What is Big Data Technology?

What is Big Data? The answer is staggering. It is simply a new way of collecting, organizing and analyzing data. A new software tool to scan, process and analyze the huge amount of unstructured and structured data which cannot be processed traditionally or even manually is known as Big Data Technology. This implies that Big Data is more than simply storing information in your computer – it is also about gaining insights on how the world works and what can be done to make life better.

what is big data technology

As opposed to the old-school concept of IT investments in servers, storage and network infrastructure, today’s IT leaders are focusing on the ability to generate, analyze and leverage large amounts of data using a minimal IT footprint. IT leaders are starting to use advanced frameworks such as software-as-a-service (SaaS), cloud computing, and data visualization technologies to help them achieve this. To be successful, these new technologies require an open, collaborative approach across the entire organization. In other words, big data technologies are changing the foundation of how organizations collect, manage and analyze information and are changing the definition of IT itself.

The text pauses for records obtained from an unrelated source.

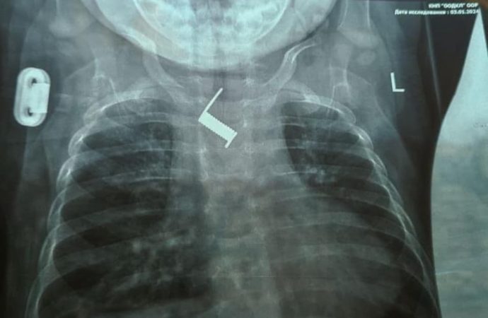 В одесскую больницу попал 6-месячный ребенок, в пищеводе которого обнаружили постороннее тело — деталь от шпильки для волос. Но медикам удалось ее изъять. Правда, до этого малыша две недели лечили от воспаления легких.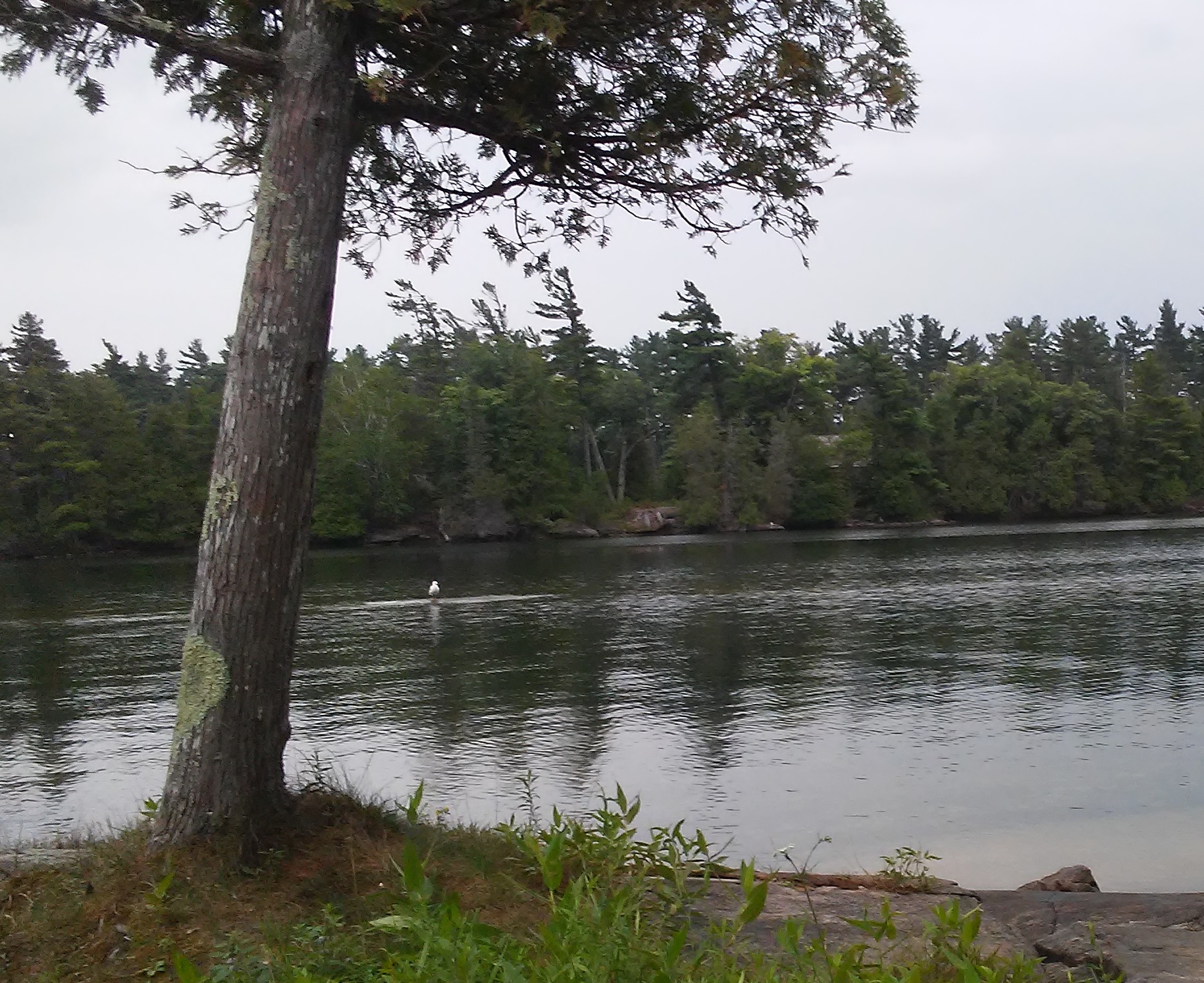 Just off shore there’s a shoal–a place where the smooth granite of the lake bed rises up to form a small ridge. I can see the grayish-brown of it under the water’s shining surface. There’s a spot where the water is so shallow over it that the gulls can stand safely and have a rest. Megan calls it the “Jesus Rock” because from our cabin, the gulls appear to be standing on the water.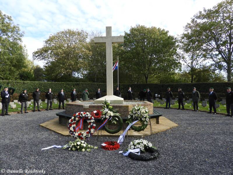 Remembrance ceremony for the civilian victims of Westkapelle at the cemetery around the light house. For all those who died at the liberation on the 1st November 1944, most of them drowned in the cellar of the windmill when the dike was bombarded and the village flooded.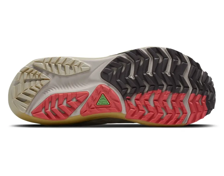 For trail environments, the outsole incorporates aggressive traction patterns that improve grip across dirt, gravel, and uneven surfaces.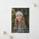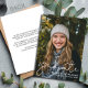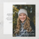 Modernes Script Overlay 2024 Graduate Foto Announcement Card mit Platz für zusätzliche Details/Informationen auf der Rückseite. Zurück ist weiß mit schwarzem Text.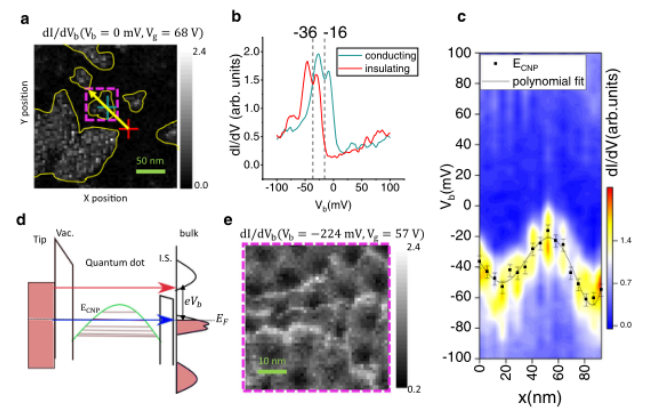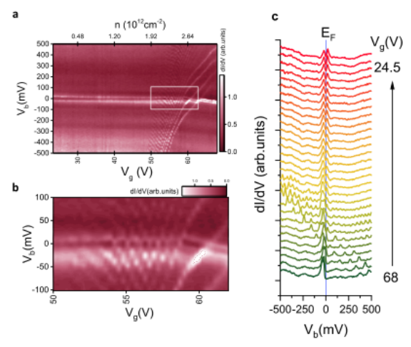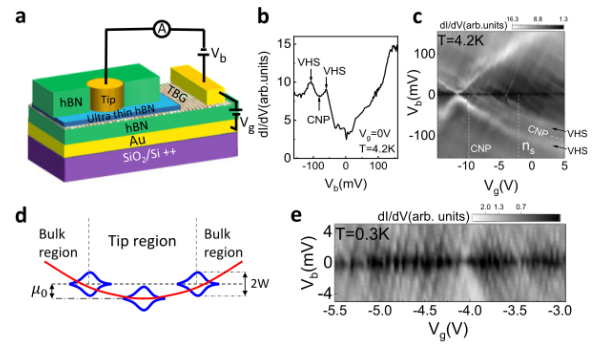 Figure 4.TBG平面隧道器件中的載流子限制。a)平面隧道器件示意圖,b)在0 V背柵電壓下測量的隧道光譜,c)STS柵電壓相關的漫譜,d)電荷中性點位置相關性示意圖,e) 柵電壓相關的高分辨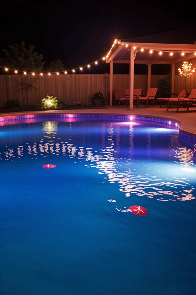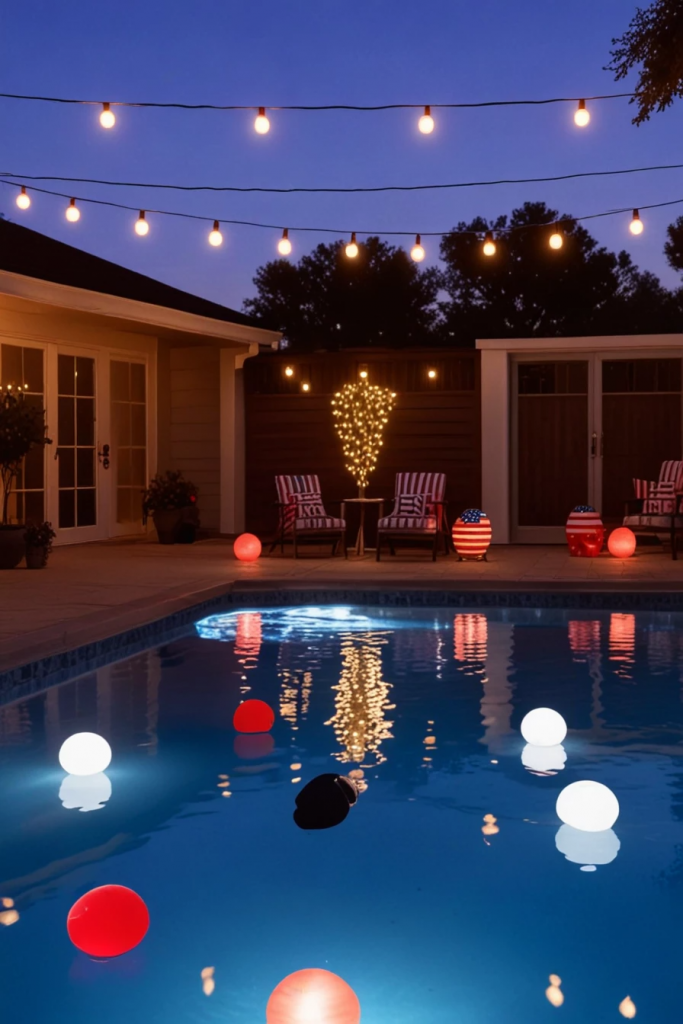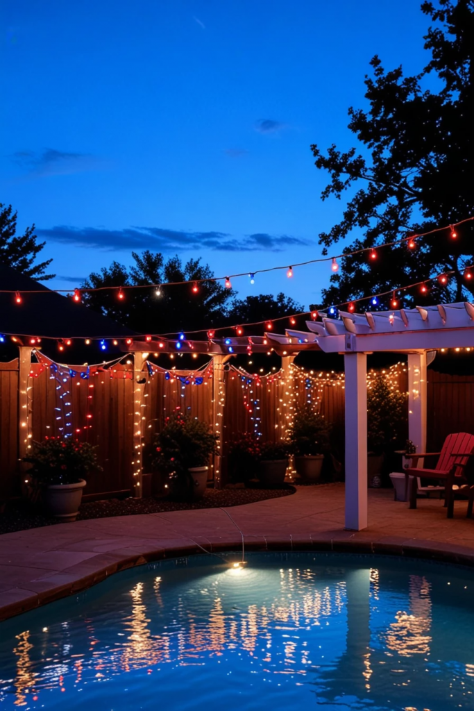 Sparkling Red, White, and Blue String Lights for the Poolside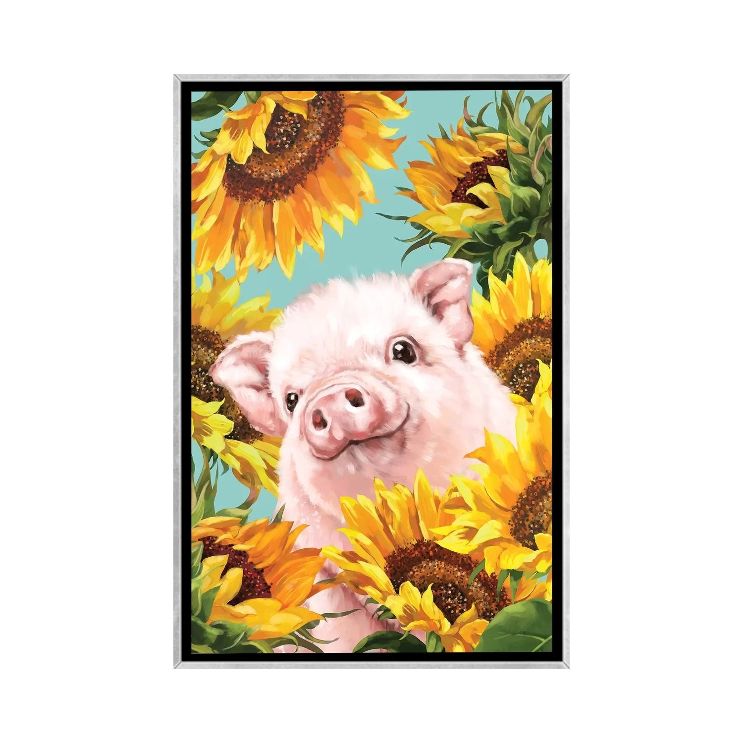 iCanvas "Baby Pig With Sunflower" by Big Nose Work Framed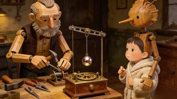 发条上足的木偶之一——我的父亲在房间里忙碌,拿过来锤子叮叮当当,拿过来起子叮叮当当,拿过来钳子叮叮当当,这一切的叮叮当当都是无声的。而他忙碌的主要目标是一具由钢丝吊在单轨架上的金属撞球,这玩意儿理论上在反复撞击中可以一直撞击下去,他试图把它联动上一具本该由发条驱动的八音盒,以证明上述的那个理论。这是个很复杂的工序,但我父亲擅长让一切复杂起来。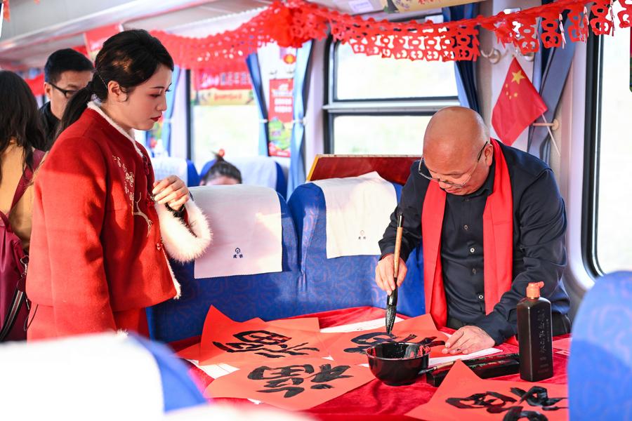 Sebagai tanda mengalu-alukan kedatangan perayaan Tahun Baru Cina (TBC) 2025 tidak lama lagi, satu ‘gala kampung’ telah diadakan di dalam kereta api No. 5640 di landasan Guiyang-Yuping pada Sabtu, lapor agensi berita Xinhua.

Let’s take a closer look at some of the emerging technologies in this new fabric. One such technology is social media marketing. Companies like Google, Facebook, Twitter and LinkedIn have been collecting information about their users for years and are now using this information to deliver personalized services to consumers. Another popular technology is visual media, such as 3D maps, aerial photos, and action movies. Data from these sources can also be used for strategic data creation, such as understanding what neighborhoods and communities work best for specific purposes such as education, jobs and shopping.

Data visualization is one of the big data technologies of the 21st century. This refers to creating visual representations of data in a manner that is easy to understand and explore. Examples include GIS, visualizations, cartograms, heat maps, tensors, matrices, or neural networks. Machine learning is another term you may have heard before. Machine learning refers to using supervised artificial intelligence (AI) techniques to create software that can recognize patterns, make predictions and even act on those predictions.

Cloud computing is the foundation for many large scale data processing applications, such as e-commerce websites and big data analytics. The key difference between cloud services and the web services that we use every day is the fact that the latter do not run on the user’s computer, but rather on a virtual server. This virtual server is hosted by a third party and the user gets all of the resources on that server, including the network, storage, power, etc., for a fixed monthly rate. With today’s hosting prices, cloud services make a lot of sense.

Some popular open source solutions that go beyond simple file and report ingestion are Mongoose, Hadoop, Spark, and Json Script. Of course, the first two will make more sense if you look at what each product does. Mongoose is an open source project started at Facebook that provides a framework for efficiently managing complex data structures and tasks. It makes the job of building a database much easier by providing a model, a vocabulary, and a collection manager. Hadoop is another open source project started at Facebook that provides a platform for handling large amounts of data efficiently.

In addition to the cloud-based offerings from the aforementioned technologies, PrestoLite from IBM offers an easy way to ingest complex data sources and store them efficiently. PrestoLite supports the popular Presto format for BigDatus and works seamlessly with the Python, PHP, and Java platforms. The company that developed PrestoLite, IBM was one of the first to implement the XML Schema layer on top of the Open Database Language (OWL). This layer is what gives the product its ability to scale up to large volumes of streaming data without requiring the developer to change their server architecture significantly.

With all the advances in programming language technology and frameworks such as python and Spark, it has become much easier for applications and websites to scale up and run rapidly. This has given rise to the development of several different tools that help web developers and IT managers visualize and manage the data sets they have to deal with. The technologies like Hadoop, Spark, and PrestoLite aim to provide an open source solution for managing the large amount of data sets necessary for successful enterprise development. While the tools are not specifically designed for mobile apps and gaming, their ease of use and flexibility make them very appealing to the end user.